◆ **What the task requires**: Please restate the data that follows word for word, with the pictures left out.

**** Information shown ****

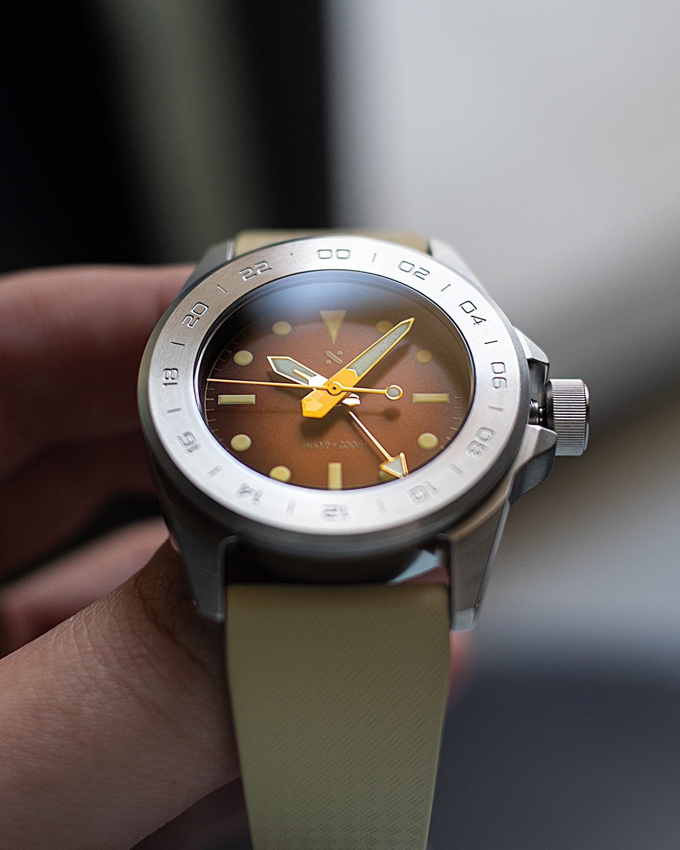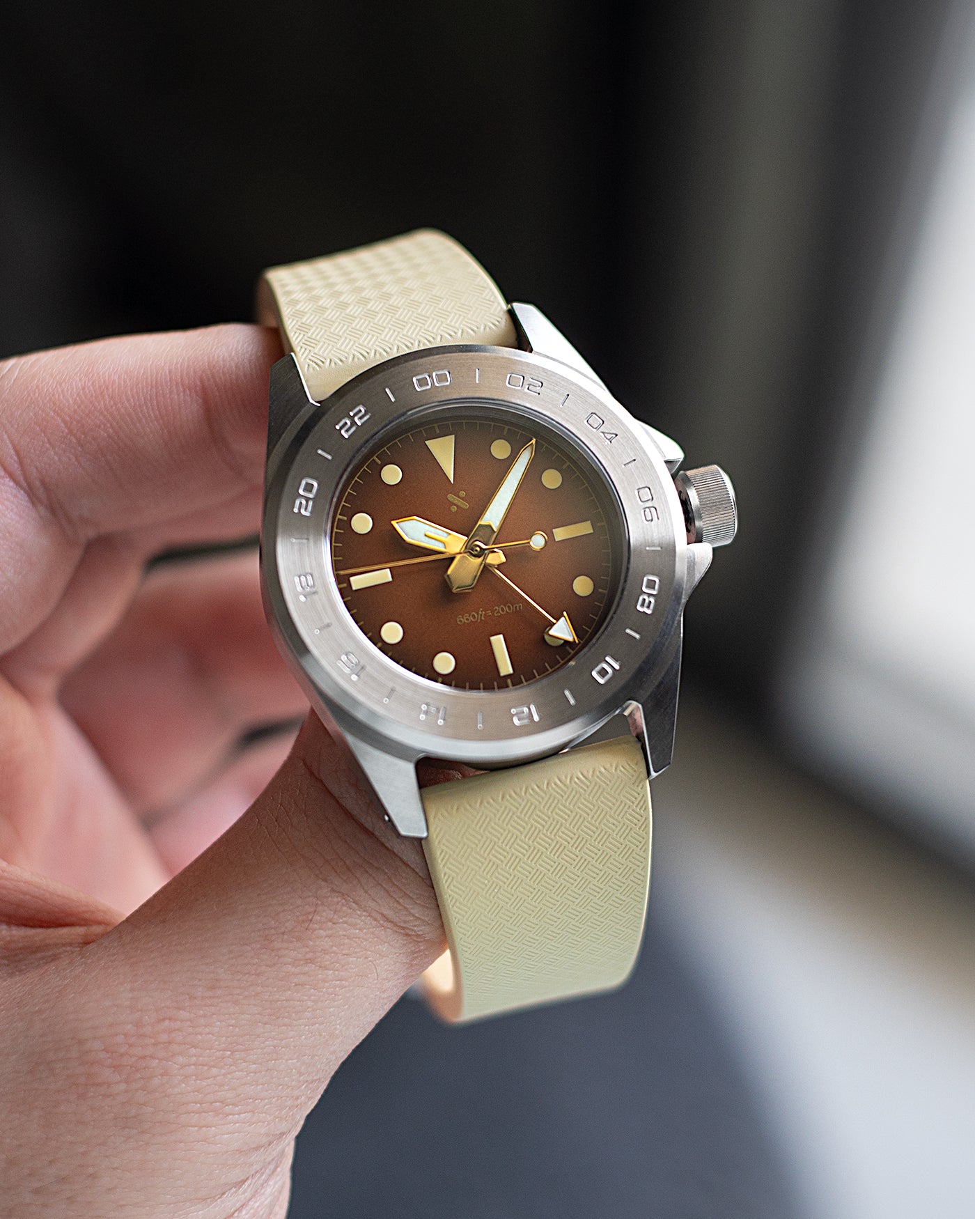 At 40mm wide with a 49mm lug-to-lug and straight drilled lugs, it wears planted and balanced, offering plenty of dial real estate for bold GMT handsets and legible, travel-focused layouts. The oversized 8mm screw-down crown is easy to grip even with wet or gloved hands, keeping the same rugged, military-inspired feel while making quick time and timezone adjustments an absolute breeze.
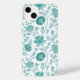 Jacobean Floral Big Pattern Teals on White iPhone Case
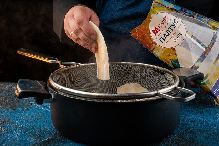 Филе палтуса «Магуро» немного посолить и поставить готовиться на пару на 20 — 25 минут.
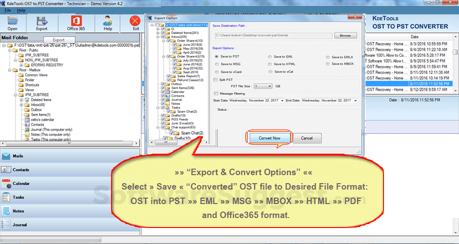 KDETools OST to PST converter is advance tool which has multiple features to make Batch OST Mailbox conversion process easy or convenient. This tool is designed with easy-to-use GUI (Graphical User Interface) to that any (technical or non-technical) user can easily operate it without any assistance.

****

◆ **Answer space**:
 At 40mm wide with a 49mm lug-to-lug and straight drilled lugs, it wears planted and balanced, offering plenty of dial real estate for bold GMT handsets and legible, travel-focused layouts. The oversized 8mm screw-down crown is easy to grip even with wet or gloved hands, keeping the same rugged, military-inspired feel while making quick time and timezone adjustments an absolute breeze.
 Jacobean Floral Big Pattern Teals on White iPhone Case
 Филе палтуса «Магуро» немного посолить и поставить готовиться на пару на 20 — 25 минут.
 KDETools OST to PST converter is advance tool which has multiple features to make Batch OST Mailbox conversion process easy or convenient. This tool is designed with easy-to-use GUI (Graphical User Interface) to that any (technical or non-technical) user can easily operate it without any assistance.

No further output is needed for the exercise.